The cruisy trip south also gave me time to dial in my preference for the N mode – neatly accessed via lower paddles inside the steering wheel. My less aggressive setting (N2 on the right paddle) will be reserved for brisk road use, with the exhaust, engine and ESC all set to Sport, but with the steering in Normal (the middle setting). Meanwhile, N1 is reserved for future track use: Sport+ for the exhaust and drivetrain, and ESC completely disengaged.

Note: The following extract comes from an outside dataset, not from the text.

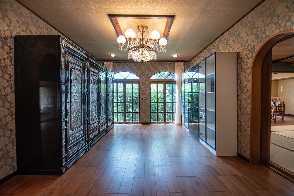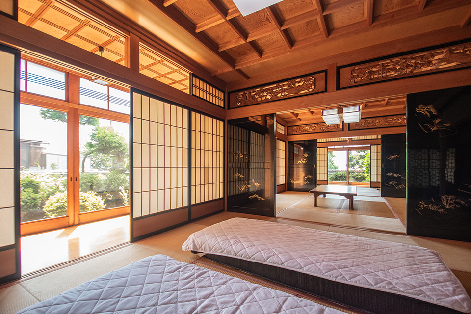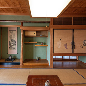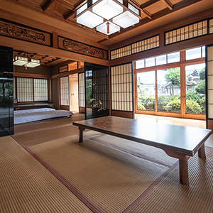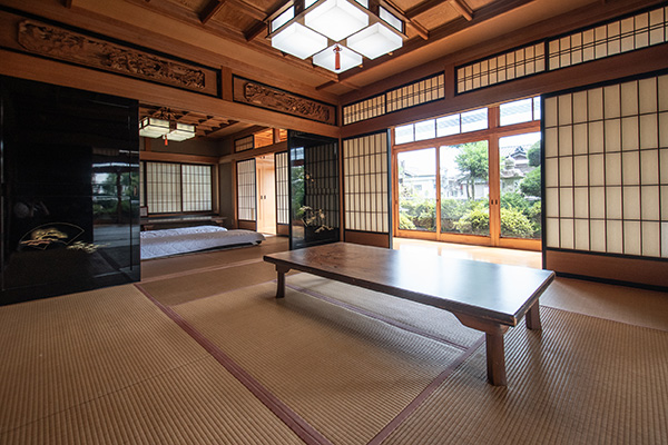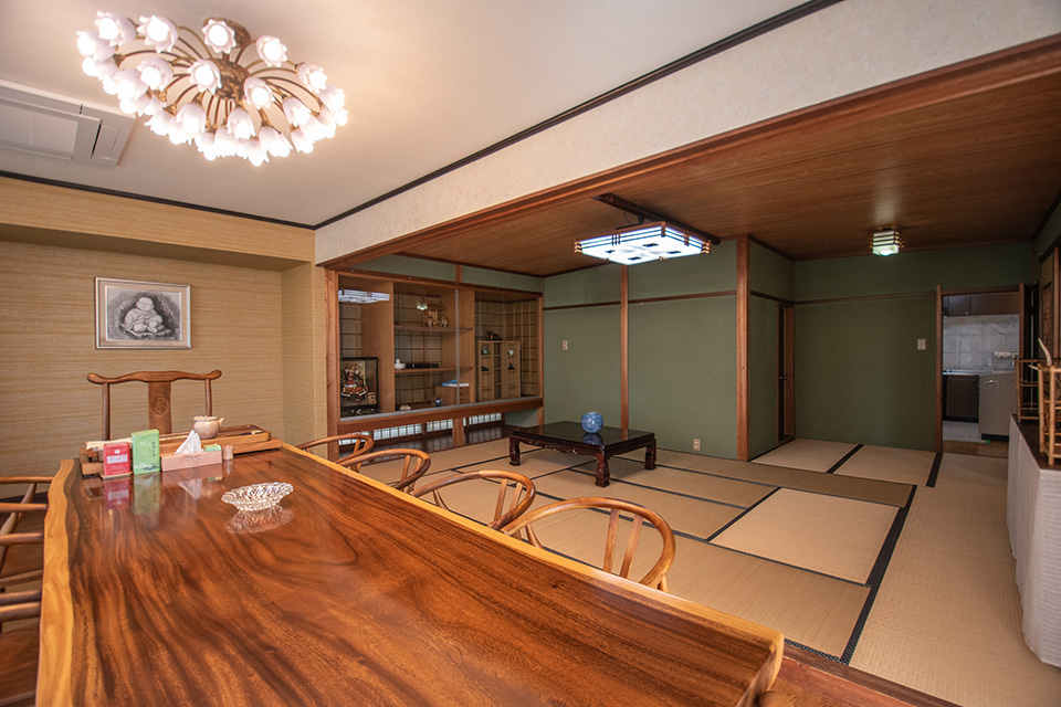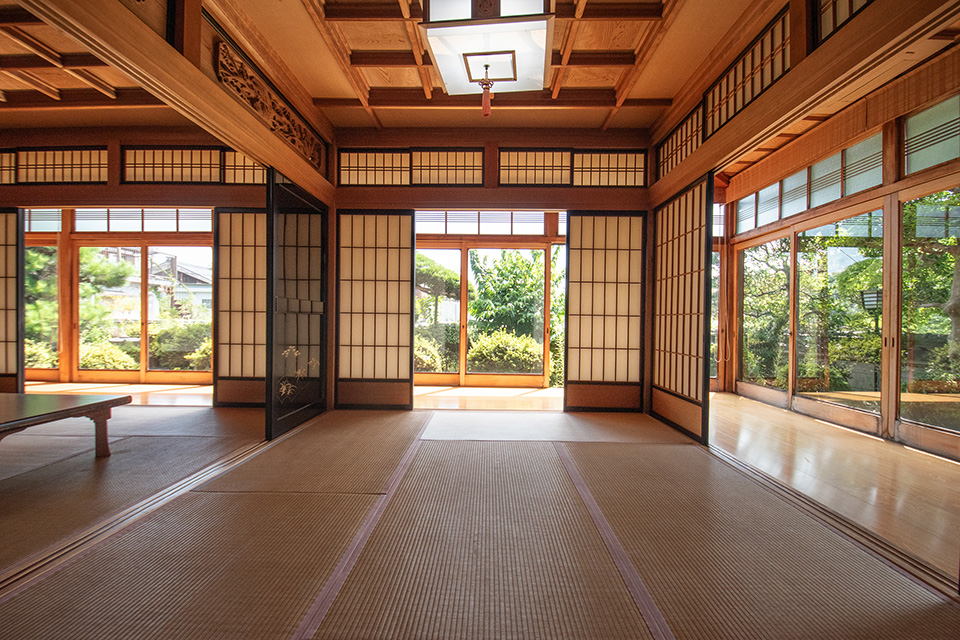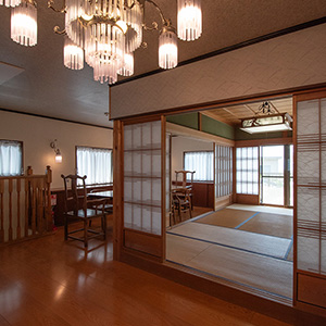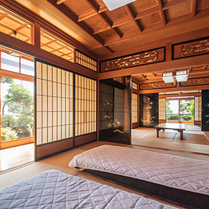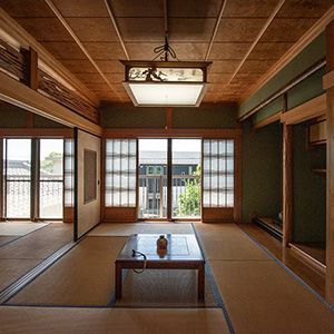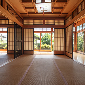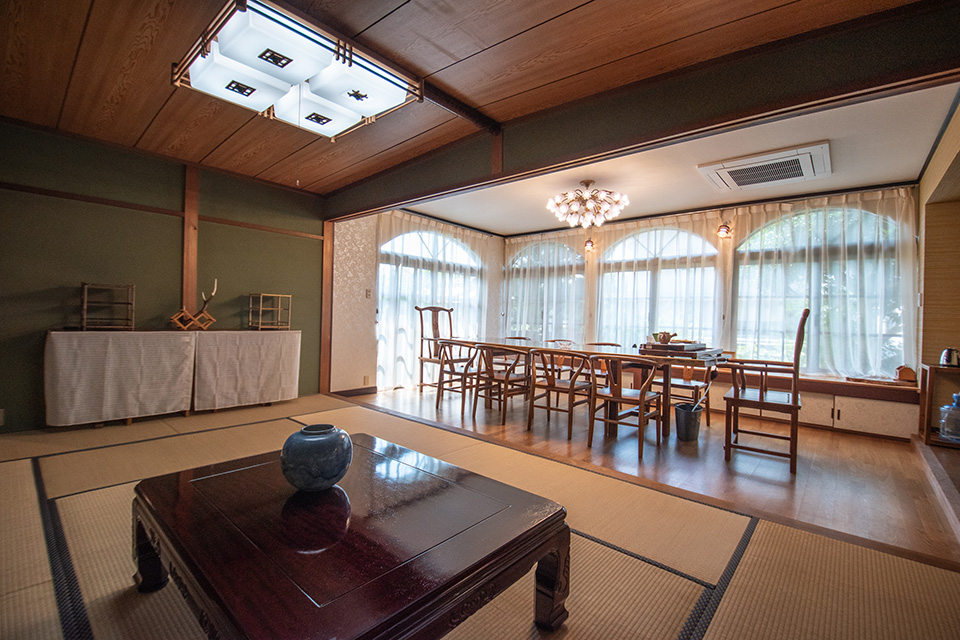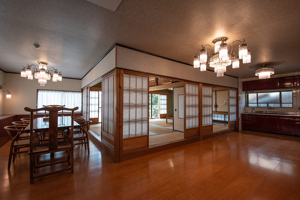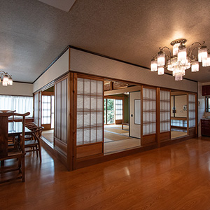 On this spacious property stand four buildings, each with its own distinctive character. The generously sized rooms offer a sense of openness and comfort unique to a countryside residence. Located close to Lake Biwa, the property is ideal as a private villa or a corporate retreat.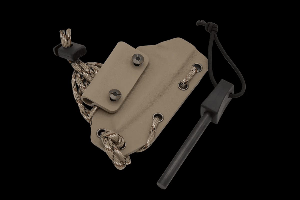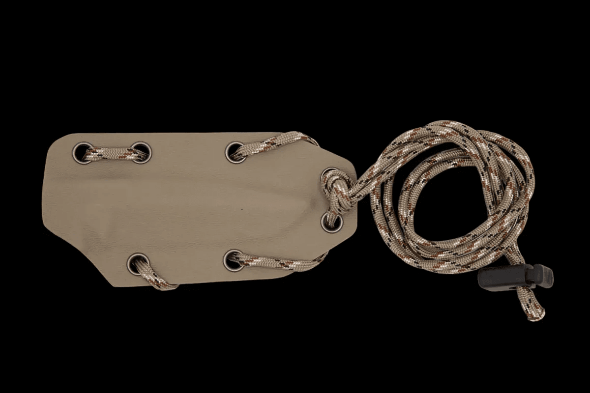 The skeletonized full-tang structure allows the user to customize the handle by covering it with paracord, further expanding the possibilities of use and customization of the knife. The total length is 180 mm with a Tanto profile blade. The Kydex sheath is designed for quick and safe extraction of the blade.

With the N2 paddle engaged, I headed out to one of my favourite stretches of road away from holidaying revellers for a ‘bonding’ drive. The road in question is a dead-end ribbon that’s tight and full of surprising dips, surface changes and off-camber bends – a baptism of fire that swiftly confirms whether any car is up to the task of making me smile.
The i20 N’s firm brake pedal and sharp steering response inspired instant confidence as the road descended, letting me choreograph the i20 N’s rear end around an invisible axis below the crook of my knee as the figure-hugging, cloth-appointed seats transmitted high-definition information to my coccyx. Already, it’s off to a fine start.
Then the opposite-direction assessment, which required working the i20 N’s throttle and gearbox – the throw of which is meaty and mechanical, though not as well-oiled as a Civic Type R’s – while conducting sweet heel-toe shifts.
The amount of grip from the HN-stamped 215/40R18 Pirelli P Zero tyres is prodigious and the mechanical limited-slip front diff works hard in tugging the i20 N out of corners. It’s all highly addictive. Only at the top did I realise how loudly I was laughing – the i20 N is like a tonic among the scores of midsize SUVs and dual-cabs we’re subjected to these days and I love it.
Normally, this is where I’d counter with a “but”, saying how poor the fuel economy is or something, but with only 1175kg to push around – confirmed by the Chasing Cars scales – the i20 N is averaging 8.6L/100km. And you can even feed it 91 octane regular unleaded, not that I’d ever do it!
If you can’t tell by now, I’m pretty much smitten with the i20 N so far, though there are still some lingering doubts. I can’t help thinking a set of lightweight 17-inch wheels with higher-profile tyres would settle the ride a bit, and I yearn for a more rambunctious, i30 N-like response from the 1.6-litre turbo four-cylinder.
Let’s see how those feelings evolve over the next six months.
(personal notes, niggling annoyances: only driver gets auto up/down windows, lame fuel filler cap, doughy throttle response at low RPMs, engine could sparkle more, doesn’t glide over bumps like an RS Clio)
Sales notes: evidently there’s some HYPE! To the end of 2021, there have been 259 registrations, compared to its main rival (FiST) which has only recorded 342 despite being on sale for the full 12 months, where the i20 has only been trickling out of dealerships since October.